Items from a data source:

*** Block opens ***

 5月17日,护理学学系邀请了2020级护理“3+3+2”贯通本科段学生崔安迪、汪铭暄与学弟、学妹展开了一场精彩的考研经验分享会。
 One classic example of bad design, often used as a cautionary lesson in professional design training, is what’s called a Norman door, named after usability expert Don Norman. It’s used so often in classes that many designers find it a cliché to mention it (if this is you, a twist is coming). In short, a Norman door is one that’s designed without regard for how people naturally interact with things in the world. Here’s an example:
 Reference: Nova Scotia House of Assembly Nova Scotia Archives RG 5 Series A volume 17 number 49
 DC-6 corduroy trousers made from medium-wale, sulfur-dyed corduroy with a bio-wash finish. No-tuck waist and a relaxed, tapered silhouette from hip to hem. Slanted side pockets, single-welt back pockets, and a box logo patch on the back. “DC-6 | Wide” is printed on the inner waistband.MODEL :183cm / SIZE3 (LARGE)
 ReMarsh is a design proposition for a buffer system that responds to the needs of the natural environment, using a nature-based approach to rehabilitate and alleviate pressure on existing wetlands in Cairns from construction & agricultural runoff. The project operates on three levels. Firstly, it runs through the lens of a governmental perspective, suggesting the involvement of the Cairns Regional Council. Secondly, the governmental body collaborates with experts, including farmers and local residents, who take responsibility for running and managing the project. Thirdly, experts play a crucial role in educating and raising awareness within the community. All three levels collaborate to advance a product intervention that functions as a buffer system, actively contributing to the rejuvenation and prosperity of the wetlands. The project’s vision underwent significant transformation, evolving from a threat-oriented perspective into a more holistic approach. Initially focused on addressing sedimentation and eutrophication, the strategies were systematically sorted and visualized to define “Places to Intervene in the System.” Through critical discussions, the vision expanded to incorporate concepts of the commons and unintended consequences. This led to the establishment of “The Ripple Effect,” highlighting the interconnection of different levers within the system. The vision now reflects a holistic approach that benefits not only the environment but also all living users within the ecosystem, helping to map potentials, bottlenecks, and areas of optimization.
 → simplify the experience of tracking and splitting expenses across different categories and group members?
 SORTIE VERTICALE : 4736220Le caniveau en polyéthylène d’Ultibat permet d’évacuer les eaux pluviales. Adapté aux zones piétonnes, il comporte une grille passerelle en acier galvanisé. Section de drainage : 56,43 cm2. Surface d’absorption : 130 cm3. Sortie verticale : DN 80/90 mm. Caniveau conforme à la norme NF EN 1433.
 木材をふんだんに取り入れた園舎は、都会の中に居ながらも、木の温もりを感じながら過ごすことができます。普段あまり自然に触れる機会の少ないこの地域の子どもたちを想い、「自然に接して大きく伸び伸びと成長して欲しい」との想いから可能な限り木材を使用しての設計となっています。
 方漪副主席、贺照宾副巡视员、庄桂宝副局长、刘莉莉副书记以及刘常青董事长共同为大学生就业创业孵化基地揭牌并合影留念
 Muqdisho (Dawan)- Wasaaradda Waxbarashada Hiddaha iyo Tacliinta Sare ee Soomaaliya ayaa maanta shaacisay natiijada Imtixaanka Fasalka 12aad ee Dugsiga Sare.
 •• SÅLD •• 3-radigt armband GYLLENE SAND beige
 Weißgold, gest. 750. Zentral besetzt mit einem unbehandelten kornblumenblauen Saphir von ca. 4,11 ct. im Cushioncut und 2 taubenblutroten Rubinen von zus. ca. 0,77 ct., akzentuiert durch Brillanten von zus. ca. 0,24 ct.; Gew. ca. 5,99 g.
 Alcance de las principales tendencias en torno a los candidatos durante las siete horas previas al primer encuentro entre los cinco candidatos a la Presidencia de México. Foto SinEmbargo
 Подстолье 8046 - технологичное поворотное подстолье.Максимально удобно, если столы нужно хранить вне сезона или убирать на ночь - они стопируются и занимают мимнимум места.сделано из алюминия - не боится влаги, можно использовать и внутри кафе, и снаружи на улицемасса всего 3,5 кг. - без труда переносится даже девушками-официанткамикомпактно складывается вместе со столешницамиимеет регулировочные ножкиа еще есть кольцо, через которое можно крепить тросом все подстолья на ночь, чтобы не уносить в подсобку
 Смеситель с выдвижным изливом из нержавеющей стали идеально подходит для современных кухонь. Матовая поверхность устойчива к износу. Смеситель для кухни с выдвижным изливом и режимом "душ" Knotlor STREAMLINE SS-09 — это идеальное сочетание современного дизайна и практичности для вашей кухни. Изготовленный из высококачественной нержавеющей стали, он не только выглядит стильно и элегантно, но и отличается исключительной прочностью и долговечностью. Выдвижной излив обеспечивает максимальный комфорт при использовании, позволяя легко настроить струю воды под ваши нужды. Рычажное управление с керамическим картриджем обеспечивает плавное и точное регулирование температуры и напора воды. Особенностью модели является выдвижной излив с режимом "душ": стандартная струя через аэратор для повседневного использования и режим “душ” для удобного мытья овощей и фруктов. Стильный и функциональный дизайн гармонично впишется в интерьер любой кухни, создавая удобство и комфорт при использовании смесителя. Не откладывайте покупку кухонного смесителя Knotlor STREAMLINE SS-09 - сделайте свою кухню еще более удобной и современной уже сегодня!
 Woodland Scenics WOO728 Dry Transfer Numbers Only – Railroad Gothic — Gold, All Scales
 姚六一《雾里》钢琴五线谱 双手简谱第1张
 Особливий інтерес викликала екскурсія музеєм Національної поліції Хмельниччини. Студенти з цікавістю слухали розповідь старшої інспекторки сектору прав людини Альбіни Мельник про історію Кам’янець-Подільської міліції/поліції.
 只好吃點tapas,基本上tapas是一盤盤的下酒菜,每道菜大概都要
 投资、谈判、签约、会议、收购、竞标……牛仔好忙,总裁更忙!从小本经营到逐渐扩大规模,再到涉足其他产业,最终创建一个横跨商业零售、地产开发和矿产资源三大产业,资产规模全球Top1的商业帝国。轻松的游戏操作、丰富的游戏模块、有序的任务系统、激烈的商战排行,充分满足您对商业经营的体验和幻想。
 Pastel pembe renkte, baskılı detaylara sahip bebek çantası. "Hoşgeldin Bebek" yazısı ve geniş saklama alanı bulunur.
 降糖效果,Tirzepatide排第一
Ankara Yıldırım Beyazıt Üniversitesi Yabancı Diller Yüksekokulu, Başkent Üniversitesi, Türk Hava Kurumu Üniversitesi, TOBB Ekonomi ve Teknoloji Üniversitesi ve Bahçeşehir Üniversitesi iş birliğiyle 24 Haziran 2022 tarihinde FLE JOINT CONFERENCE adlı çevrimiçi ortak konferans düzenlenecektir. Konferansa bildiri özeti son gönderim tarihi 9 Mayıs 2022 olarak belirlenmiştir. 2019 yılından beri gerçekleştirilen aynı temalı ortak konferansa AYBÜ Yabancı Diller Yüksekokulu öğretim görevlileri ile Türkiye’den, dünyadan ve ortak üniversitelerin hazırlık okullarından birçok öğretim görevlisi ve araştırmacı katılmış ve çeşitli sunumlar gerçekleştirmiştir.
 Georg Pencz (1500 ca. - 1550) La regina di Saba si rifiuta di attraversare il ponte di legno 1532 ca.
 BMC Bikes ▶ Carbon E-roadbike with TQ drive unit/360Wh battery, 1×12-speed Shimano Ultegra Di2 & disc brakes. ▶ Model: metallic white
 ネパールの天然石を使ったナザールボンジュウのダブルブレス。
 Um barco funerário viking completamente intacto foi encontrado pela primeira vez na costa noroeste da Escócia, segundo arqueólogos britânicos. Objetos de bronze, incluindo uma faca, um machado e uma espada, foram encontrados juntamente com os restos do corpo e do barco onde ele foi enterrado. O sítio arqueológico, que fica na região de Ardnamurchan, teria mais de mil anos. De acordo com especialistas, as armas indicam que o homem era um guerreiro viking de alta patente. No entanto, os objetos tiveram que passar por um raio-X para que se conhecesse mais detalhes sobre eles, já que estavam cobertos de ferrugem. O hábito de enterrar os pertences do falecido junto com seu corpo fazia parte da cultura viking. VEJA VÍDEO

*** Block closes ***

# YOUR TASK:
Could you reproduce exactly the lines of the entries above, from the one with "姚六一《雾里》钢琴五线谱 双手简谱第1张" through the one with "只好吃點tapas,基本上tapas是一盤盤的下酒菜,每道菜大概都要", and nothing else?

# SOLUTION TO THE PROBLEM:
 姚六一《雾里》钢琴五线谱 双手简谱第1张
 Особливий інтерес викликала екскурсія музеєм Національної поліції Хмельниччини. Студенти з цікавістю слухали розповідь старшої інспекторки сектору прав людини Альбіни Мельник про історію Кам’янець-Подільської міліції/поліції.
 只好吃點tapas,基本上tapas是一盤盤的下酒菜,每道菜大概都要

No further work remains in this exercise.